So, when I had the car accident and I was sent for an abdominal ultrasound, that started the whole process over again.  The oncologist looked at the report and ordered an MRI.  I went for the MRI and tried to set up the surgical consult.  The surgeon, who is a surgical oncologist, thinks the spleen needs to come out, but he wants me to see a different surgeon to see if it could possibly done through laproscopy first.  But, he wants to talk to my oncologist before he will set up an appointment to even evaluate my case, and my oncologist spent last week in California at a conference.

So, instead of February… it is now December, and I am waiting.  Waiting to have the fate of my spleen determined.

Well meaning people say to me, “Don’t worry – you can live without your spleen.”

Sometimes well meaning people should smile and nod more, and speak less.

Yes, I KNOW I can LIVE without my spleen.  You can also LIVE without your boobs, your uterus, your cervix and your ovaries.  You can LIVE without your gall bladder, and your appendix, and your thyroid, and one kidney, and part of your liver or lung too.  But, just because you CAN do something, doesn’t mean you should.

I am thinking of asking for a fake fish for Christmas.  One that will remind me I have been gutted like a fish this year.  One that will also remind me that, no matter how many body parts they take, you have to KEEP SWIMMING!

keep swimming

Monday or Tuesday I will talk to a doctor about my spleen.  I would love to keep it.  I just think we have gotten along nicely for the last 39 years.  And, its mine.  But, I will listen to the doctors (after I ask them EVERY hard question I have,) and I will do what is best, and safest.

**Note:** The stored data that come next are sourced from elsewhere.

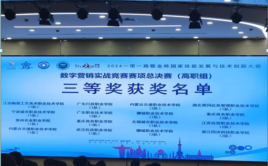 【文/图 张可忻】10月19日至20日,2024年“一带一路”暨金砖国家技能发展与技术创新大赛数字营销实战竞赛赛项决赛在河南郑州圆满落幕。在与来自全国各地的127支队伍同台竞技中,由张可忻、谭娅、谭秀芬3位教师指导的2支学生队伍,荣获两项全国三等奖。
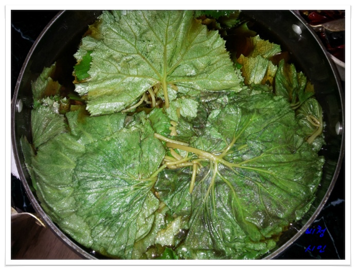 머위잎을 솥에 재웁니다
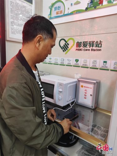 本著最大范圍服務(wù)戶外勞動者工作的原則,郵儲銀行南充市分行選擇網(wǎng)點面積較大,地處戶外勞動者密集區(qū)域、毗鄰居民居住區(qū)、臨街的網(wǎng)點優(yōu)先建設(shè)郵愛驛站。網(wǎng)點設(shè)立服務(wù)專區(qū),配備休息桌椅、飲水機、微波爐、充電器、雨傘、醫(yī)藥箱、輪椅等便民設(shè)施,為戶外工作者、特殊客戶群體及其它緊急訴求的社會公眾提供服務(wù)資源。網(wǎng)點在醒目位置張貼服務(wù)站點標識,讓戶外勞動者“知道來、經(jīng)常來”。三年來,郵愛驛站已累計為戶外勞動者約5萬余人提供服務(wù)。
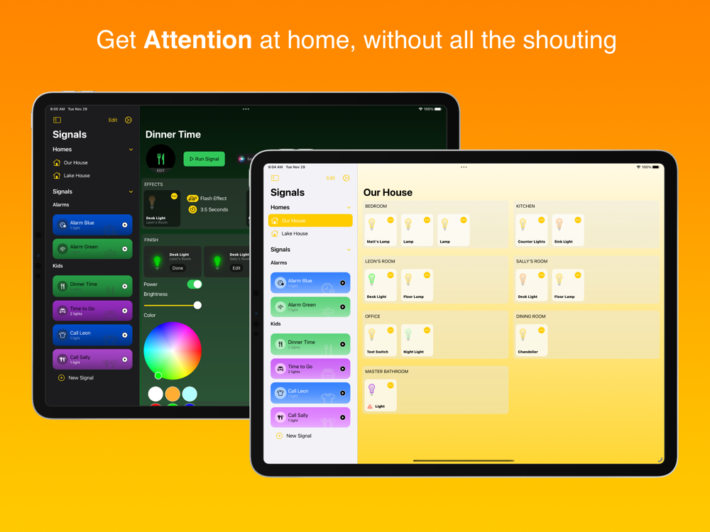 Signals works with any of your bulbs, switches or outlets with lights attached - have a kid who plays video games with headphones on? Just tap on their light to give it a few flashes.
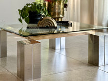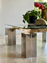 Much desirable Mid-Century brass, chrome and glass coffee table, typical of the period. Reminiscent of the designs and materials used by the Italian company Galotti & Radice dating back to the '50s-'70s although no maker's mark is visible.
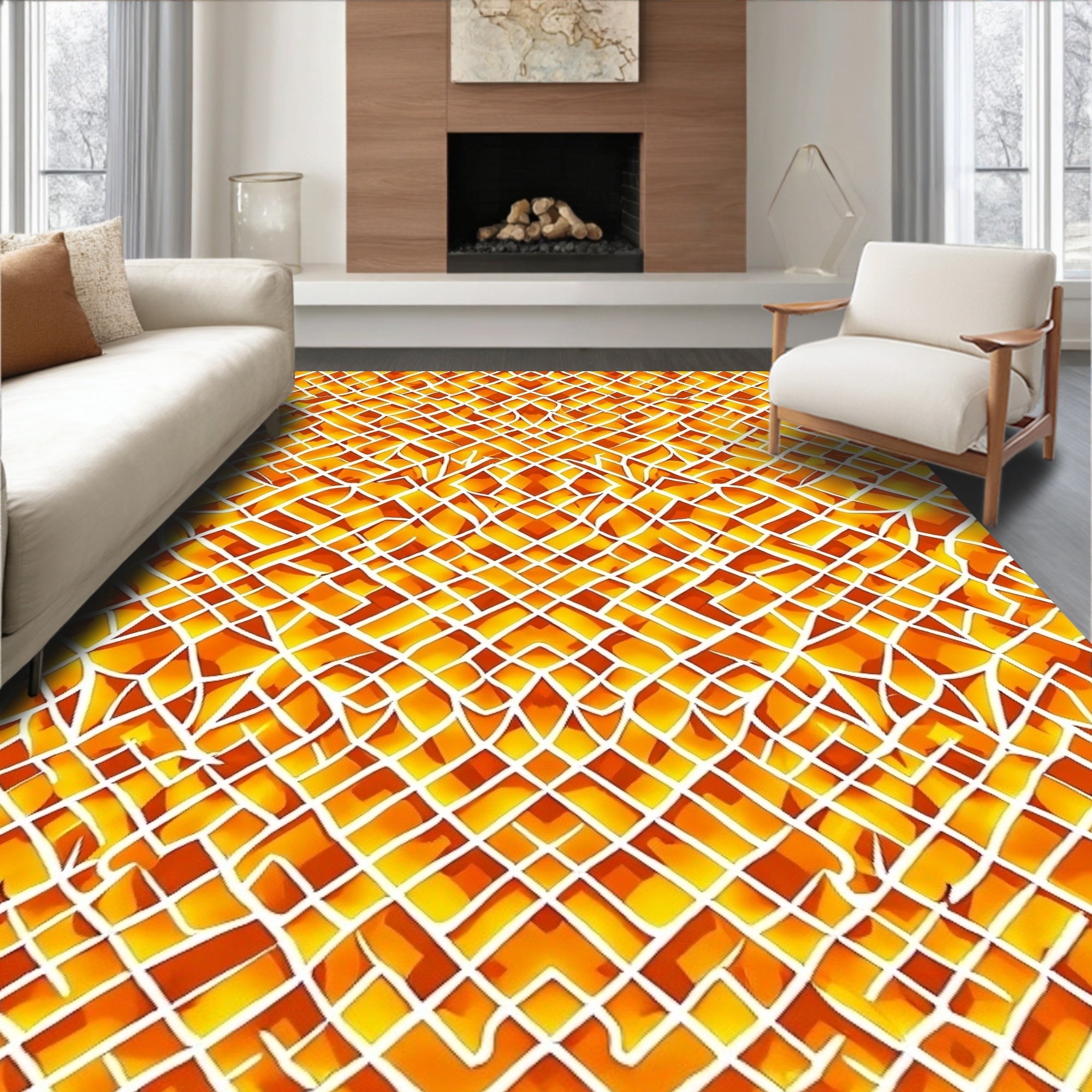Ultra Soft Area Rug, Non Slip, Stain Resistant, Washable Area Rugs for Living Room, Bedroom, Abstract Kaleidoscope Mosaic with Tessellated Shapes(Orange) Overview:
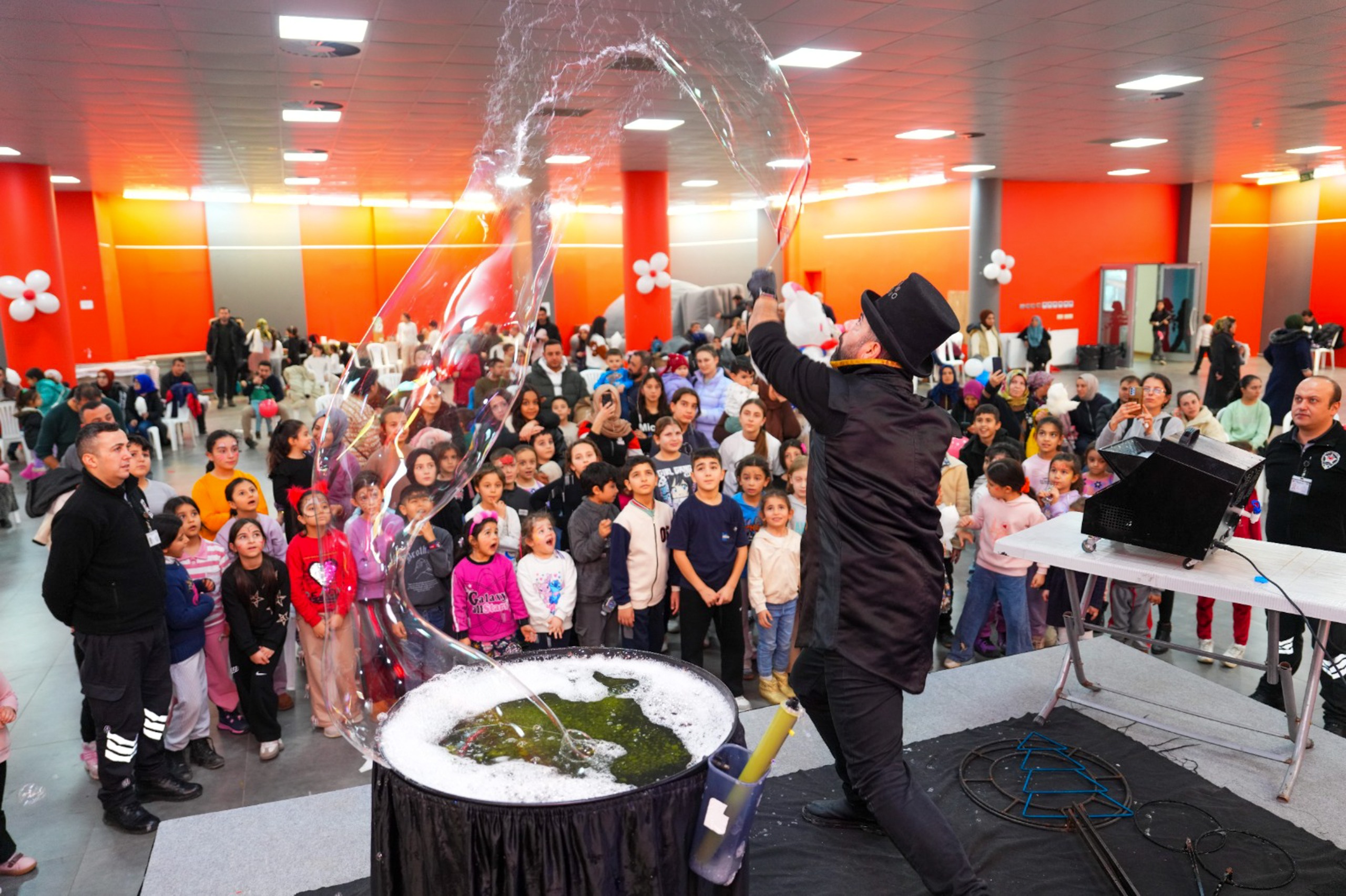 Çocuk şenliğinde sihirbaz, bilim, balon ve bubble show gösterileri, animasyonlar, jonglör ve ateş gösterileri ile maskot karşılamaları miniklere unutulmaz anlar yaşatıyor. Etkinlik alanında ayrıca çocuklara ikramlarda bulunuyor.

Heck, I didn’t go through all of this past year to be beaten by my spleen….

What’s in a name?

It has definitely been a week, (ok – month…year) for reflection.

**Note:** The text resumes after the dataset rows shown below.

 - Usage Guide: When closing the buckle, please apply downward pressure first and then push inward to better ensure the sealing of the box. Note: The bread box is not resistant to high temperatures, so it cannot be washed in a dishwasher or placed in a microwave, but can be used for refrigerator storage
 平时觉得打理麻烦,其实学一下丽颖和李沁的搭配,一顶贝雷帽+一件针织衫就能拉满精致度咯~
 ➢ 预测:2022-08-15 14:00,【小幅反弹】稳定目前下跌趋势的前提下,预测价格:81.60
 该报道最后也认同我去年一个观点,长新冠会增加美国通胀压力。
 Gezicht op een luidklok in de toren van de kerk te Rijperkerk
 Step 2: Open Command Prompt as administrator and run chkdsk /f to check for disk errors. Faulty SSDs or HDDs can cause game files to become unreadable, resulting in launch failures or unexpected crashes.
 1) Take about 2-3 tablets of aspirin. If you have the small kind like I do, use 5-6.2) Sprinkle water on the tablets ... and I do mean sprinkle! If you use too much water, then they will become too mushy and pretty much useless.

I started this blog in May of this year, after some encouragement from another Cowden’s sufferer.  Once I realize how to do it, I was prompted to name the blog.  I didn’t really give it much thought.  I went with the first thing that popped into my head.  And so, “beatingcowdens” was born.

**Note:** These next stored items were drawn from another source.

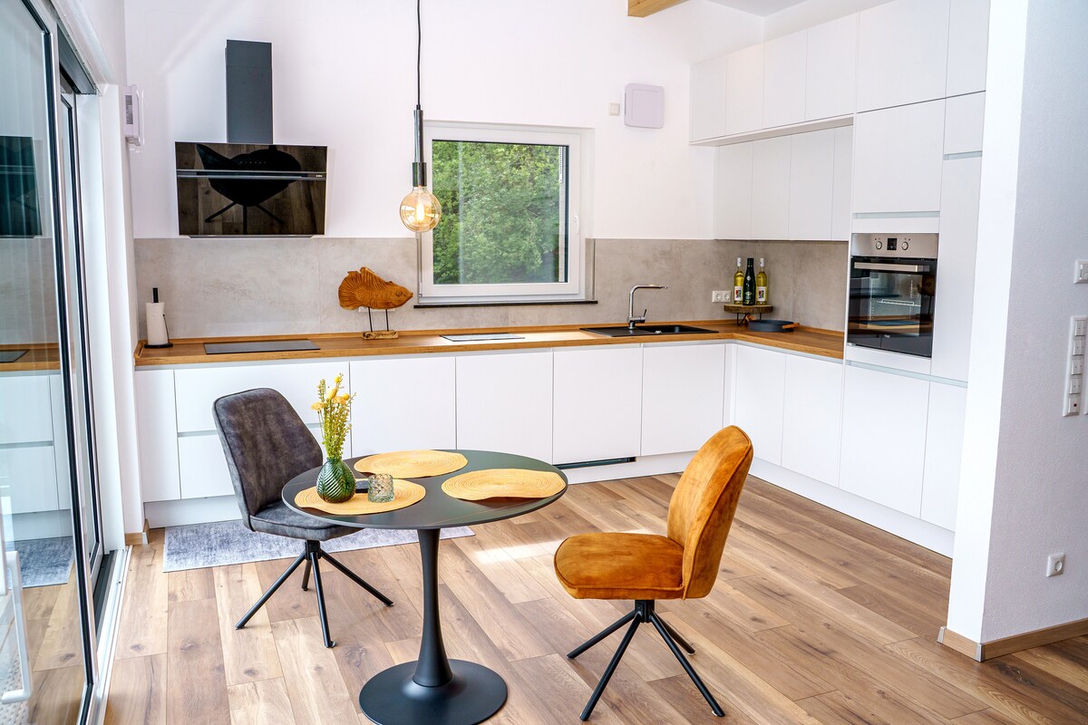 Vores charmerende hytte i Bell, kun 2 km fra den vulkanske sø Maria Laach, huser to eksklusive ferielejligheder. Lejligheden ovenpå med pejs og stor solterrasse tilbyder dig en stilfuld stue med åbent køkken og hyggelig spiseplads. Et soveværelse med en boxspring-seng af høj kvalitet, et omklædningsrum og et moderne badeværelse sikrer maksimal boligkomfort. Perfekt til afslapning, vandreture, cykling eller bare nydelse – midt i naturen i den vulkanske Eifel.
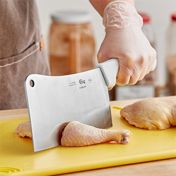 I’ve never used a cleaver before and holding this knife made me regret that instantly. The heft of the blade instills confidence while the handle is comfortable and natural. I like the poly handle for cleanup and ability to grip even when you’ve been handling fatty meats. The height of the blade gives you a lot of room to guide chopping with your knuckles and keeps your fingers far away from the edge. Again the weight of the blade assures enough momentum to handle poultry bones in one chop. With the very inexpensive price this is a no-brainer.
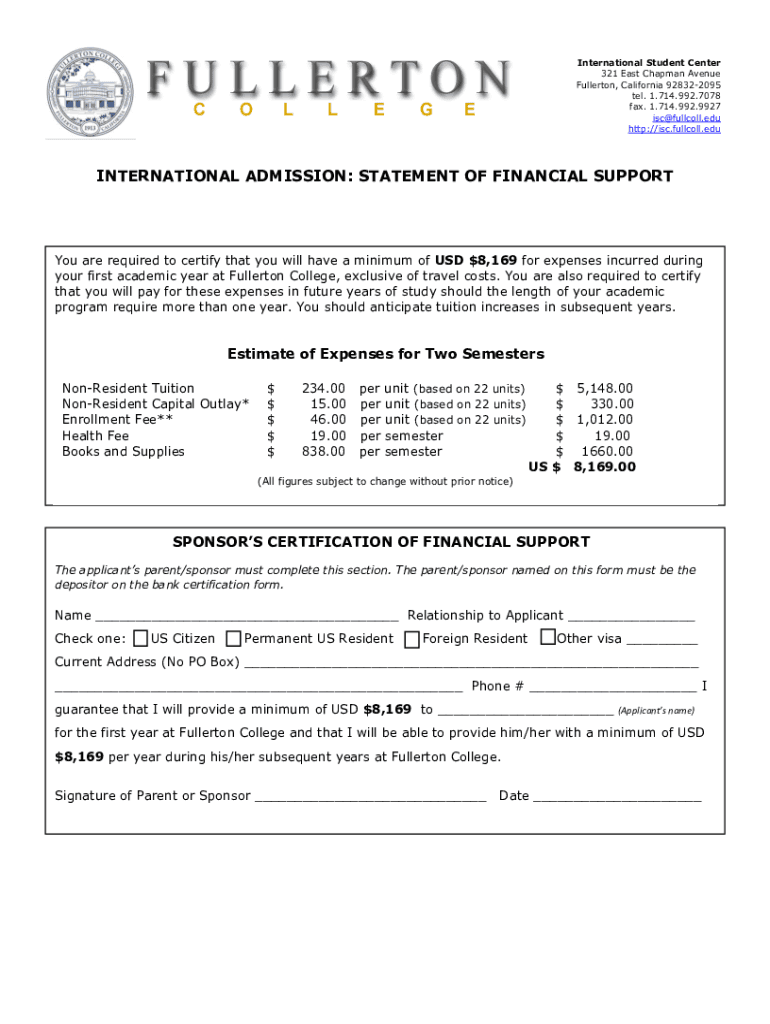 International Student Center 321 East Chapman Avenue Fullerton, California 928322095 tel. 1.714.992.7078 fax. 1.714.992.9927 isc@fullcoll.edu http://isc.fullcoll.eduINTERNATIONAL ADMISSION: STATEMENT

The name seemed appropriate at the time, and I guess it still is.  But because situations, and people are ever changing, I don’t think the name means the same thing to me as it did 7 months ago.  Back then I had already had my double mastectomy, and I think I still was under the notion that if we got out in front of enough things we truly could “beat” Cowden’s Syndrome, the same way you “beat” a football team.

Well, I have come to realize to “beat” it would be to “defeat” it, and since I lack the power to change my genetic makeup, that simply can’t be.  So now, I view it as a process.  I spend each day, “beating” Cowden’s.  Every time I get up.  Every time I go to the doctor.  Every time I fight to get better, and recover.  Every time I explain to my daughter that it is all about HOPE and determination.  This is all part of the process we call “beating” Cowden’s.

Hope

So really, what is in a name?

I guess it’s all about perspective – but then again, isn’t everything?

I had plenty of time to think about the whole “name” question today, as Felix, and Meghan and I took a trip to Bethlehem, Pennsylvania.  We accompanied the Moravian Churches on a bus trip to tour Bethlehem, and to take in the Christmas Vespers at Central Moravian Church.

bethlehem 5After a few hours in the bus, we got to tour the town.  We walked up and down Main Street, enjoying the little shops, and a nice dinner.  It was a welcome switch from the normal craziness of doctors, and illnesses, and therapy.  It was better than filling out paperwork related to the car accident.  It was, even through the chilly mist, a nice family day.

bethlehem 1

Although I must admit, as we gathered into the church for the service I still felt a bit odd.  For so many years, and until so recently, I sharply defined myself as a Lutheran.  Now, I was looking up at a Moravian star, marveling at the wonders God can work, and the sometimes unusual ways our prayers can be answered.

moravian star

Personal issues with the Pastor at my home church left me unsettled and in many ways devastated earlier this year.  So, I turned to God and asked for guidance as I looked for a new place to bring my family to worship.  It was a long process, with lots of prayers, but some time in late August, I drove up Victory Blvd.  I made a left and parked.  I went into Castleton Hill Moravian Church on what I thought was a whim.  I later thanked God for sending me the message I had been asking for.  I brought my family the following week, and we have been attending faithfully as a family ever since.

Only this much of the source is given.